Work order: Write back every line of the listing exactly, excluding images.

(The input)

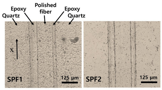 Top views of two side-polished fiber (SPF) sensors with different surface roughness. The left arrow indicates the direction of x-axis defined here as parallel to the longitudinal direction of fiber.
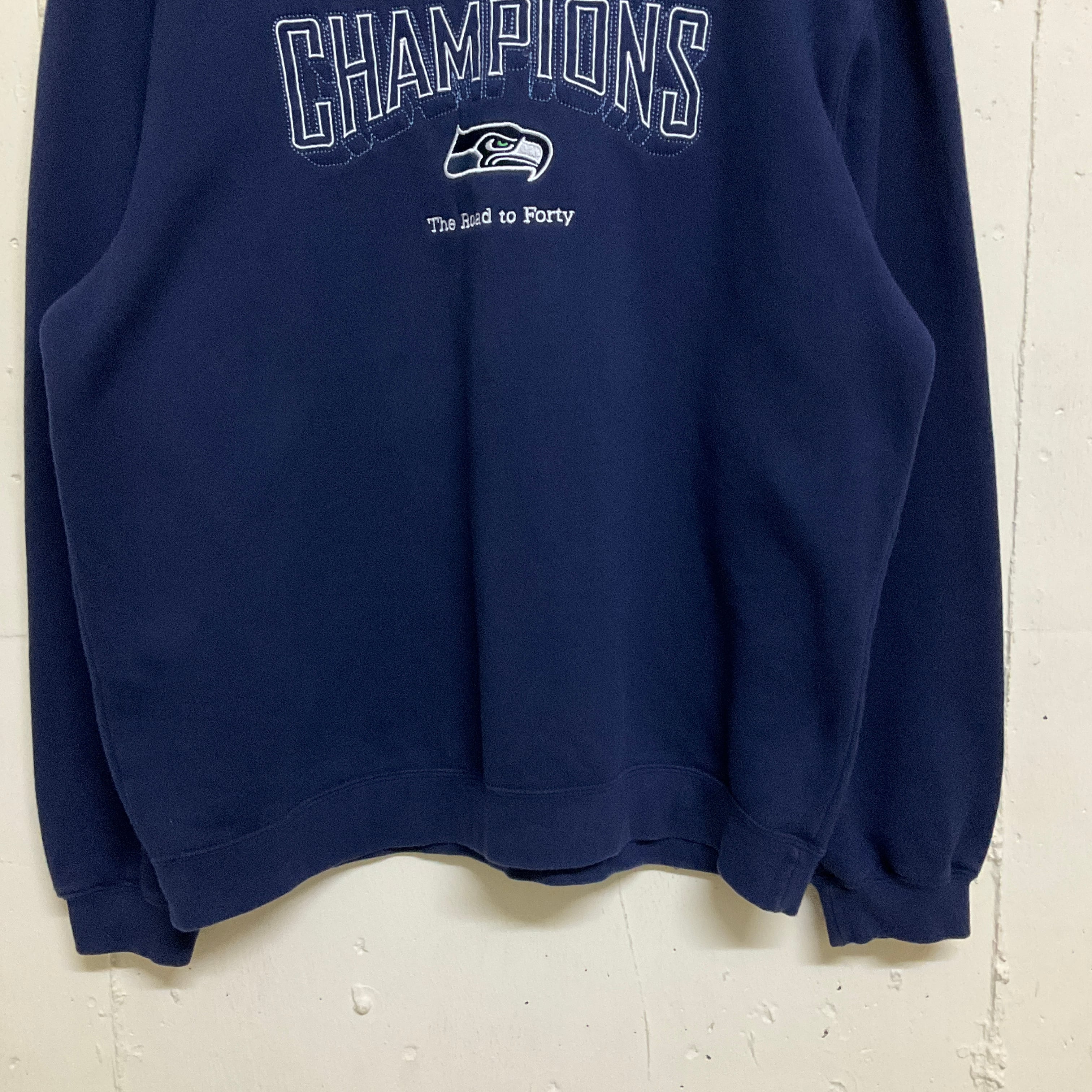 00年代 00s Reebok リーボック NFL シーホークス チームロゴ刺繍 スウェット トレーナー 古着 ネイビー 紺【f231101005】
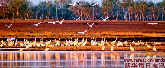 | 4月29日,白鹤群在夕阳中的莫莫格湿地栖息飞翔。 |
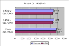 Pentium 4-570Jがひときわ落ち込んでいるのが目に付くが、FSB800MHzのPentium 4では毎秒4.8GB程度が普通なので、ほぼ5GBまで迫ったのはむしろ快挙と言える。800MHzのFSBでは理論上限性能は毎秒6.4GB。メモリとCPUの間にチップセットを挟んでいるオーバーヘッドを考えると、実効性能としてはこのあたりが限界ということだ。これに対してFSB1066MHz、理論上限8.5GBのP4-3.46GHzはすばらしい。しかも、12-4-4-4設定に比べ、8-3-3-3設定にすると毎秒200MBの性能向上を果たし、毎秒5.79GBという高性能をマークした。これはメモリコントローラをCPUに内蔵したAthlon 64シリーズにあと200MBまで迫るものだ。
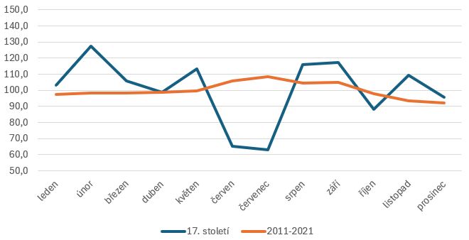 Pokud bychom chtěli grafické porovnání 17. století a let 2011-2021, vypadaly by křivky v grafu takto:
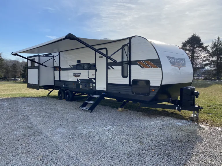 Derecho Unlimited is a 2022 Forest River Wildwood looking to get some miles on the tires and make some memories! It is a spacious, family friendly camper loaded for your destination vacation. The rear bunkhouse has three cot beds along with a queen sofa conversion with all bed linen included. The kitchen features all your basic appliances along with a Keurig to start your mornings caffeinated. Basic kitchenware such as reusable plates, bowls, utensils, pot, pan are provided. If you choose to not cook your hot dogs over the campfire the outdoor kitchen leaves your family with plenty of options. There is a sink, fridge and gas grill at your fingertips.
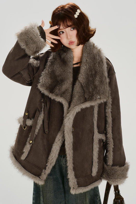 Retro Plush Lapel Coat
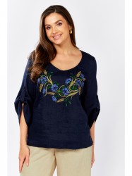 Оформить заказ →Блузка прямого силуэта. По переду нагрудные вытачки и декоративная вышивка. Горловина округлой формы. В боковых швах разрезы. Рукав втачной, расширен к низу, с застёжкой на пату и пуговицу.
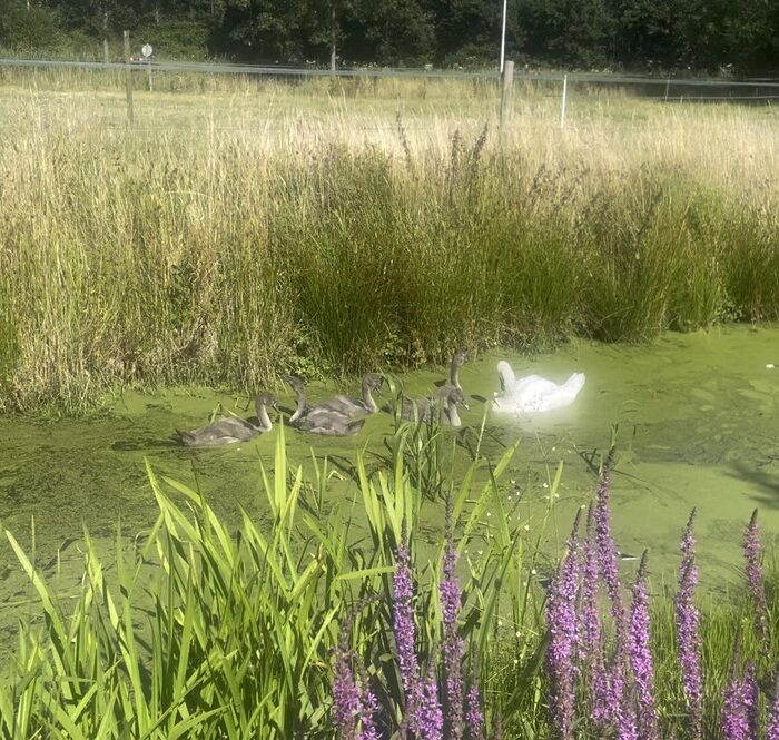 Werken in het dierenvoedselbos is vooral ook heel veel nieuwe planten, bloemen en dieren zien. Van de zwanen en hun jongen, de eendjes met hun pulletjes tot de eikehaantjes die zo goed zijn voor de egels, parende libellen, heel veel kikkers, padden, salamandertjes. Ook in de graafbijenburcht zijn duidelijk insectenholletjes gemaakt, maar ik heb de bijbehorende bewoners nog niet gezien. Egels in overvloed. Zeker nu er 3 egelhuisjes in het bos staan, voorzien van hooi en stro. Alvast voor de winter maakte Ingrid salamanderpaleisjes van… Lees meer
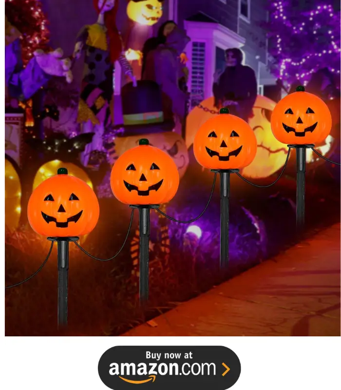 Add these decorative pumpkin-shaped lights along your walkway or flowerbeds for festive charm. Solar-powered options automatically light up at dusk, adding whimsical orange warmth to your outdoor décor. They pair beautifully with real pumpkins or rustic lanterns.
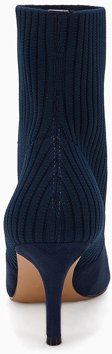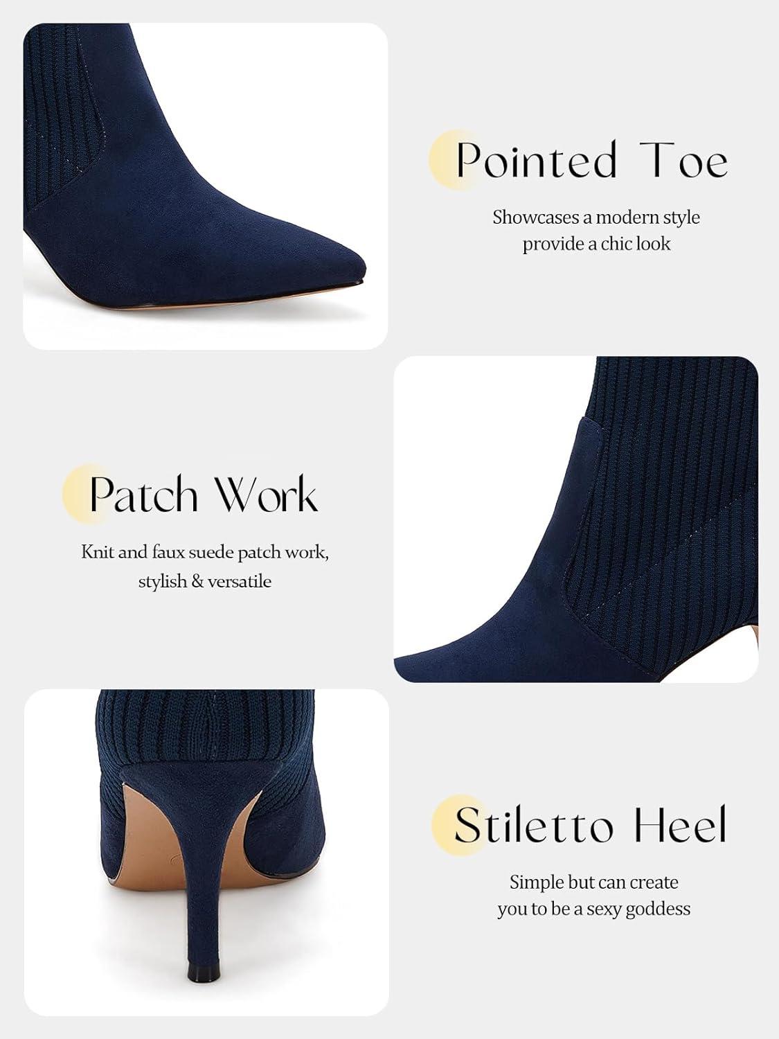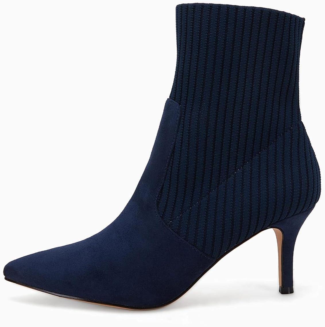Coutgo Women’s Pointed Toe Ankle Boots Stiletto Kitten Heel Knit Faux Suede Winter Sock Booties(Navy Suede)

(End The input)

The completed task:
 Top views of two side-polished fiber (SPF) sensors with different surface roughness. The left arrow indicates the direction of x-axis defined here as parallel to the longitudinal direction of fiber.
 00年代 00s Reebok リーボック NFL シーホークス チームロゴ刺繍 スウェット トレーナー 古着 ネイビー 紺【f231101005】
 | 4月29日,白鹤群在夕阳中的莫莫格湿地栖息飞翔。 |
 Pentium 4-570Jがひときわ落ち込んでいるのが目に付くが、FSB800MHzのPentium 4では毎秒4.8GB程度が普通なので、ほぼ5GBまで迫ったのはむしろ快挙と言える。800MHzのFSBでは理論上限性能は毎秒6.4GB。メモリとCPUの間にチップセットを挟んでいるオーバーヘッドを考えると、実効性能としてはこのあたりが限界ということだ。これに対してFSB1066MHz、理論上限8.5GBのP4-3.46GHzはすばらしい。しかも、12-4-4-4設定に比べ、8-3-3-3設定にすると毎秒200MBの性能向上を果たし、毎秒5.79GBという高性能をマークした。これはメモリコントローラをCPUに内蔵したAthlon 64シリーズにあと200MBまで迫るものだ。
 Pokud bychom chtěli grafické porovnání 17. století a let 2011-2021, vypadaly by křivky v grafu takto:
 Derecho Unlimited is a 2022 Forest River Wildwood looking to get some miles on the tires and make some memories! It is a spacious, family friendly camper loaded for your destination vacation. The rear bunkhouse has three cot beds along with a queen sofa conversion with all bed linen included. The kitchen features all your basic appliances along with a Keurig to start your mornings caffeinated. Basic kitchenware such as reusable plates, bowls, utensils, pot, pan are provided. If you choose to not cook your hot dogs over the campfire the outdoor kitchen leaves your family with plenty of options. There is a sink, fridge and gas grill at your fingertips.
 Retro Plush Lapel Coat
 Оформить заказ →Блузка прямого силуэта. По переду нагрудные вытачки и декоративная вышивка. Горловина округлой формы. В боковых швах разрезы. Рукав втачной, расширен к низу, с застёжкой на пату и пуговицу.
 Werken in het dierenvoedselbos is vooral ook heel veel nieuwe planten, bloemen en dieren zien. Van de zwanen en hun jongen, de eendjes met hun pulletjes tot de eikehaantjes die zo goed zijn voor de egels, parende libellen, heel veel kikkers, padden, salamandertjes. Ook in de graafbijenburcht zijn duidelijk insectenholletjes gemaakt, maar ik heb de bijbehorende bewoners nog niet gezien. Egels in overvloed. Zeker nu er 3 egelhuisjes in het bos staan, voorzien van hooi en stro. Alvast voor de winter maakte Ingrid salamanderpaleisjes van… Lees meer
 Add these decorative pumpkin-shaped lights along your walkway or flowerbeds for festive charm. Solar-powered options automatically light up at dusk, adding whimsical orange warmth to your outdoor décor. They pair beautifully with real pumpkins or rustic lanterns.
Coutgo Women’s Pointed Toe Ankle Boots Stiletto Kitten Heel Knit Faux Suede Winter Sock Booties(Navy Suede)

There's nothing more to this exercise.